* Try it
Print out every line of the material exactly. Include no pictures.

* Exercise data
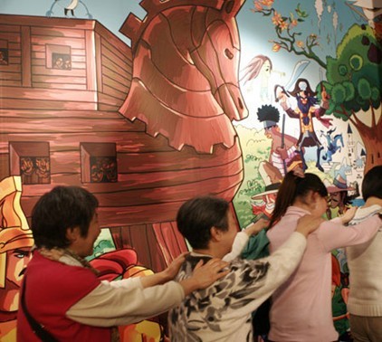 闭上眼睛,打开心灵,体会黑暗中的奇妙。“木马童话”餐厅的名字取自西方的著名传说《特洛伊木马》,来此的食客彷佛化身为骁勇的古希腊勇士,置身幽暗而巨大的木马腹中,开始一场神秘、奇妙的美食旅程。餐厅的大门处,一幅色彩浓烈的巨幅壁画迎面而来,这是老板的朋友为餐厅特别创作的。
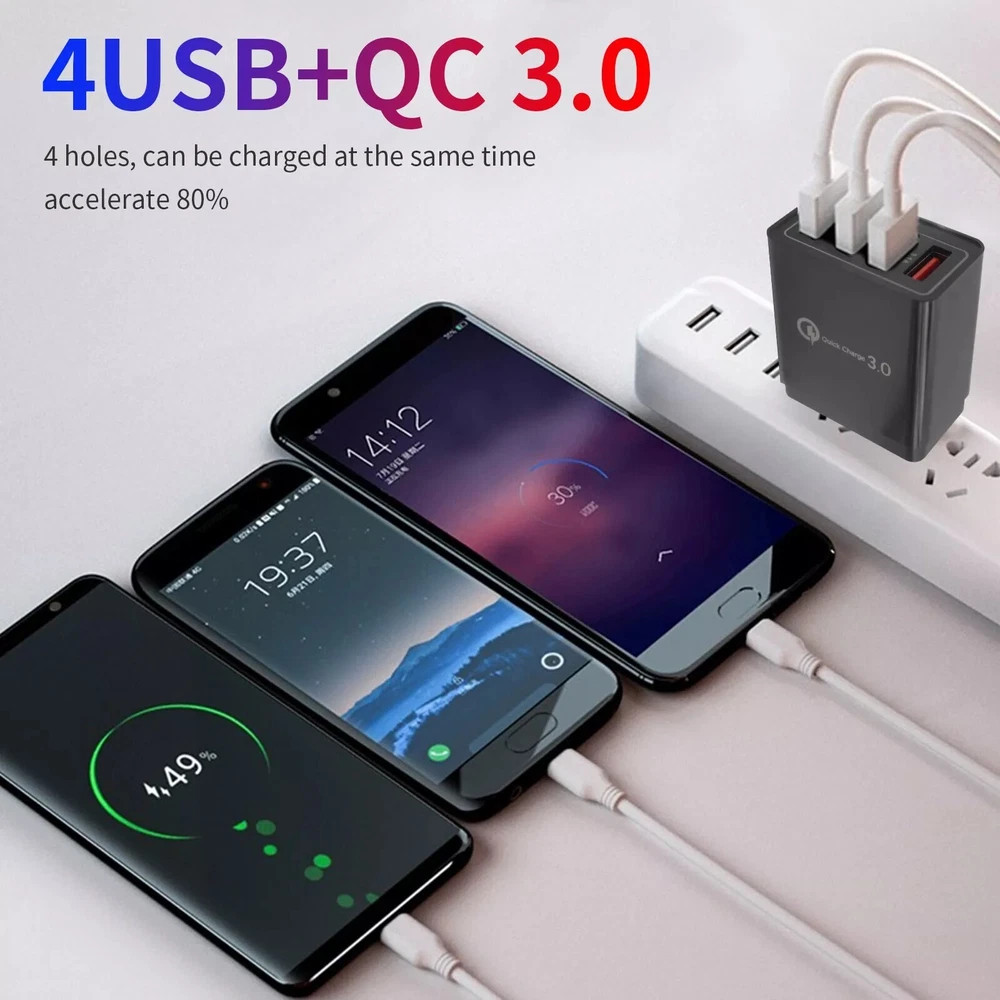 Black US 4 Port Fast Quick Charge QC 3.0 USB Hub Wall Charger Power Adapter Plug Description 1. Portable charger for home, office, travel and other indoor uses. 2. 4 USB ports (fast charge 3.0 and 4 USB ports 5 V/ 3A max.), Load 4 devices at the same time. 3. The protections keep you and your devices more secure. 4. Compatible with all smartphones for iPhone iPad Samsung Xiaomi, Huawei, OPPO, OnePlus, Sony, Google and PC Camera Tablet MP3, MP4 player, PSP with USB port. 5. Intelligent matching stream. Integrated smart chip, according to different devices, compatible with the required output, fast charging and does not damage the battery. Specifications: 1.Input voltage: 100-240 V 50-60Hz 2.Output: 5 V / 3 A (max.) 3.Standard plug: American plug 4.Color: Black Package Included: 1 x QC 3.0 Quick Charger
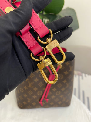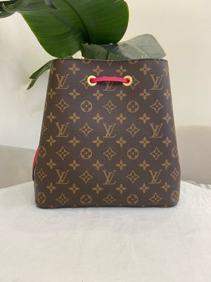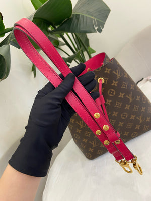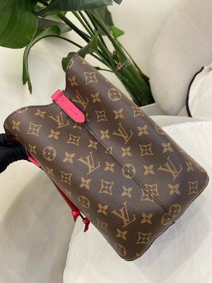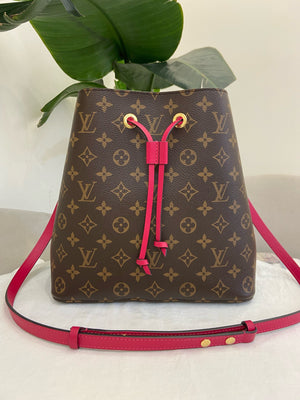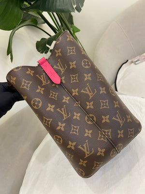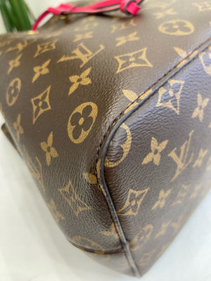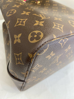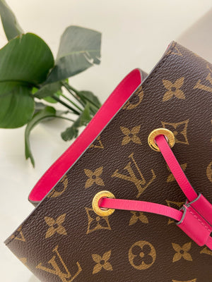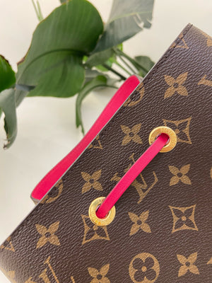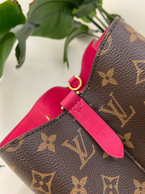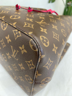 # Authentic Louis Vuitton NéoNoé MM Bucket Bag – Monogram Canvas with Fuchsia Trim (26cm Size)

* Exercise response
 闭上眼睛,打开心灵,体会黑暗中的奇妙。“木马童话”餐厅的名字取自西方的著名传说《特洛伊木马》,来此的食客彷佛化身为骁勇的古希腊勇士,置身幽暗而巨大的木马腹中,开始一场神秘、奇妙的美食旅程。餐厅的大门处,一幅色彩浓烈的巨幅壁画迎面而来,这是老板的朋友为餐厅特别创作的。
 Black US 4 Port Fast Quick Charge QC 3.0 USB Hub Wall Charger Power Adapter Plug Description 1. Portable charger for home, office, travel and other indoor uses. 2. 4 USB ports (fast charge 3.0 and 4 USB ports 5 V/ 3A max.), Load 4 devices at the same time. 3. The protections keep you and your devices more secure. 4. Compatible with all smartphones for iPhone iPad Samsung Xiaomi, Huawei, OPPO, OnePlus, Sony, Google and PC Camera Tablet MP3, MP4 player, PSP with USB port. 5. Intelligent matching stream. Integrated smart chip, according to different devices, compatible with the required output, fast charging and does not damage the battery. Specifications: 1.Input voltage: 100-240 V 50-60Hz 2.Output: 5 V / 3 A (max.) 3.Standard plug: American plug 4.Color: Black Package Included: 1 x QC 3.0 Quick Charger
 # Authentic Louis Vuitton NéoNoé MM Bucket Bag – Monogram Canvas with Fuchsia Trim (26cm Size)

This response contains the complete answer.